I can't say I think they will do 50 bps in one shot, however I feel if they were truly responsible, it would have good effect to do so, to hand speculators and wild men their heads, way overdue. If it was me, well you already know what I'd do. More likely they will just do the standard 25 bps the next two meetings (maybe three tops), and then the economy will fall off a cliff, and there will be some blow up along the lines listed below that will make them stop or pause.

What finally stopped prior Fed rate hikes:

1 Franklin National Bank obligingly blows up to end the Fed tightening cycle.

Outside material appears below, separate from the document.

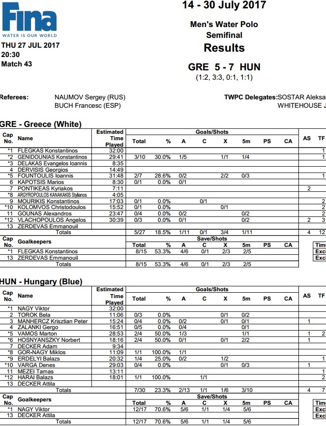 Grčka – Mađarska 5:7 (1:2) (3:3) (0:1) (1:1)

2 Penn Square buckles and so does the Fed. Imagine that.
3 In a trifecta, Brazil, Mexico and Venezuela default on their sovereign debt.
4 So long Continental Illinois and so long Fed monetary tightening.
5 How do you start a Fed monetary easing exercise? A stock market crash like in '87 will do the trick every time.
6 S&L's, real estate, junk bonds, and mainline US bank equity start to melt down. No worries, monetary policy disaster relief was on the way.
7 Orange County slips on a peel and so does Kidder Peabody (at least what was the former Kidder).
8 Asian currency crisis, LTCM and Russian currency crisis all within a few years. Fed Funds, you ain't goin' nowhere for a while.
9 How does one prick one of the greatest equity bubbles of a generation? With less than 200 basis points of monetary tightening, that's how.